**Work request:**
Once you have located the line containing "- The sensor" in the material below, return it exactly along with each line after it through the line containing "Premium Bin/Cycle Shelter".

**Records supplied:**
+ + + +
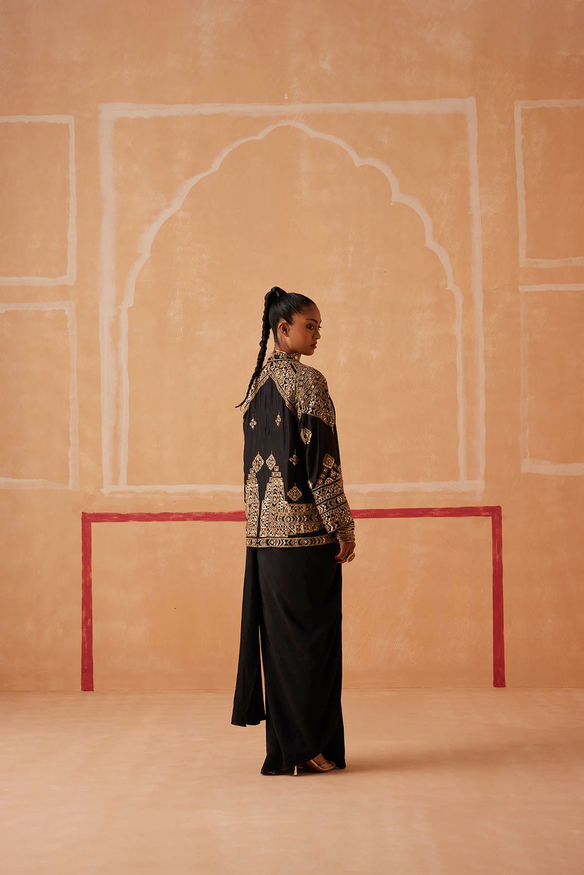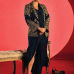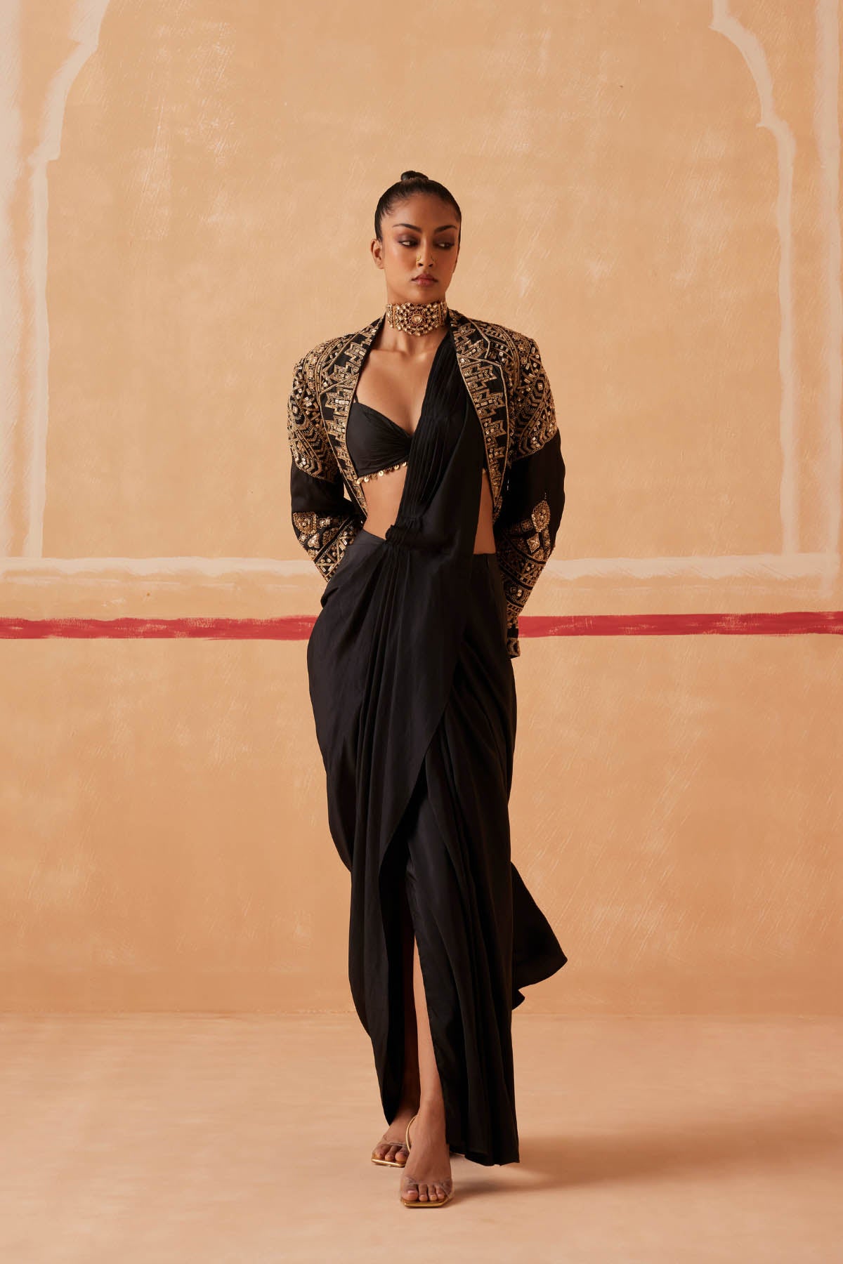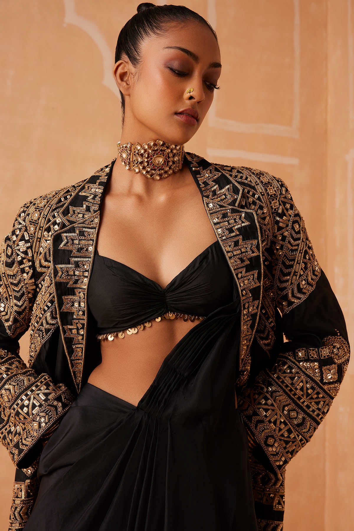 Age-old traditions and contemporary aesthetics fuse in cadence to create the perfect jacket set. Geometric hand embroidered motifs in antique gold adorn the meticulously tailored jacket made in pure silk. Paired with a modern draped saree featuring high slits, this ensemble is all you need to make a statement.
+ + + +
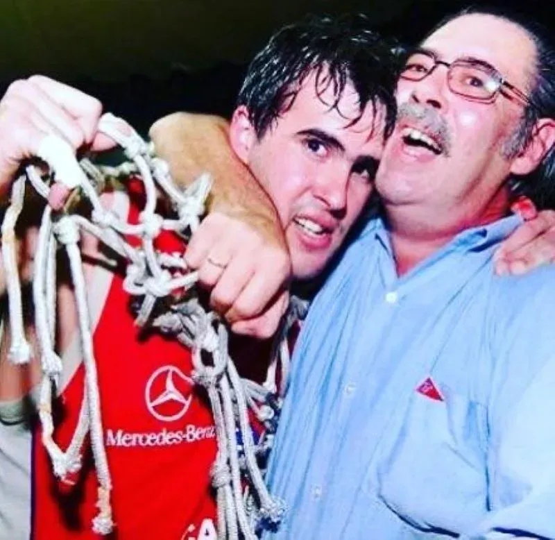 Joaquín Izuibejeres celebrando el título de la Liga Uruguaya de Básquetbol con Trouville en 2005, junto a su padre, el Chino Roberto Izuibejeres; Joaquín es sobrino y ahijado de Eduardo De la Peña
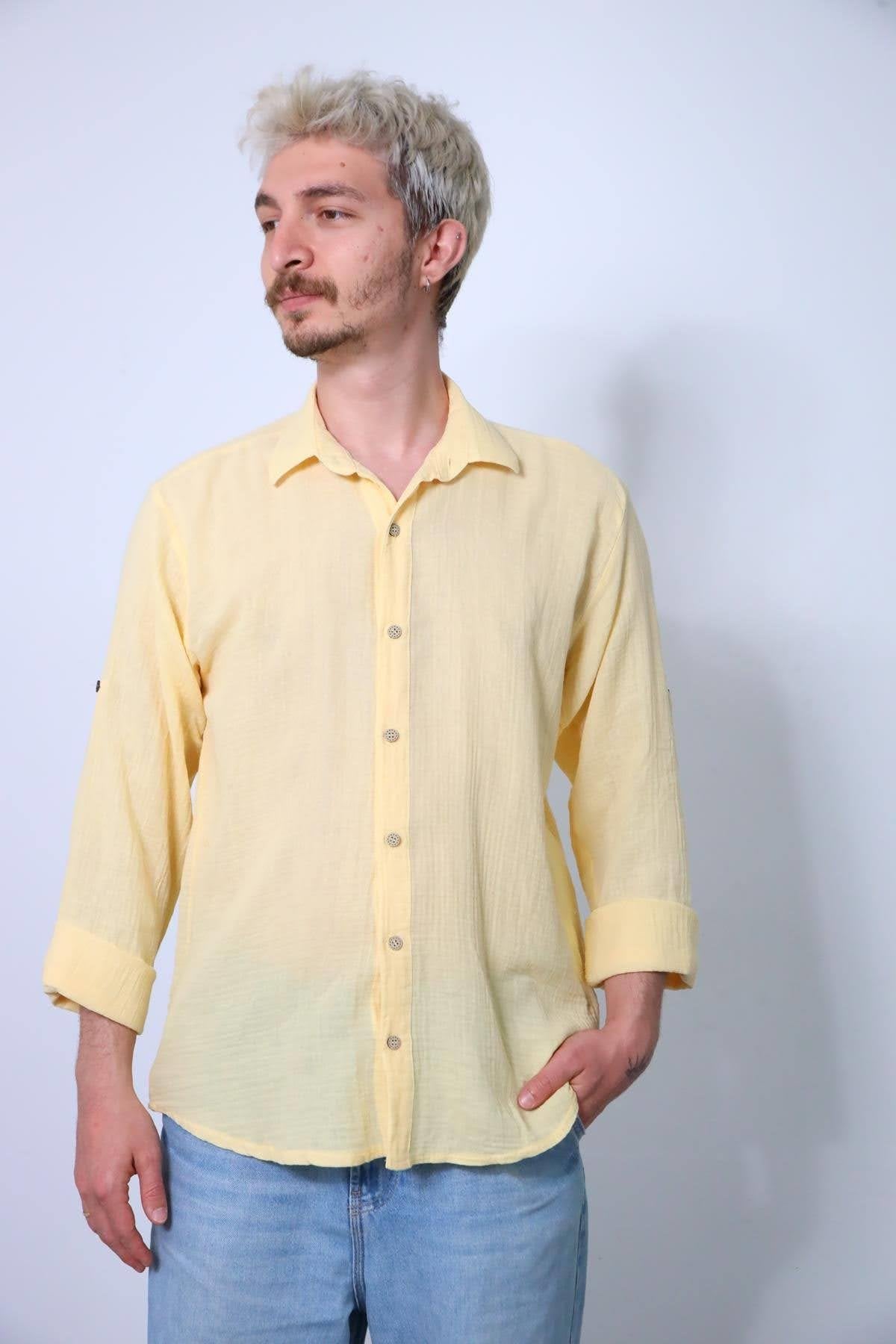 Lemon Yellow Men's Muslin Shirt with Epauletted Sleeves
+ + + +
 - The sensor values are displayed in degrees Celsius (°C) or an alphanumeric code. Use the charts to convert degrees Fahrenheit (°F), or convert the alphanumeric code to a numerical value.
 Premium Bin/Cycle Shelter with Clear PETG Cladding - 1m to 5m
+ + + +
**Problem solution:**
 - The sensor values are displayed in degrees Celsius (°C) or an alphanumeric code. Use the charts to convert degrees Fahrenheit (°F), or convert the alphanumeric code to a numerical value.
 Premium Bin/Cycle Shelter with Clear PETG Cladding - 1m to 5m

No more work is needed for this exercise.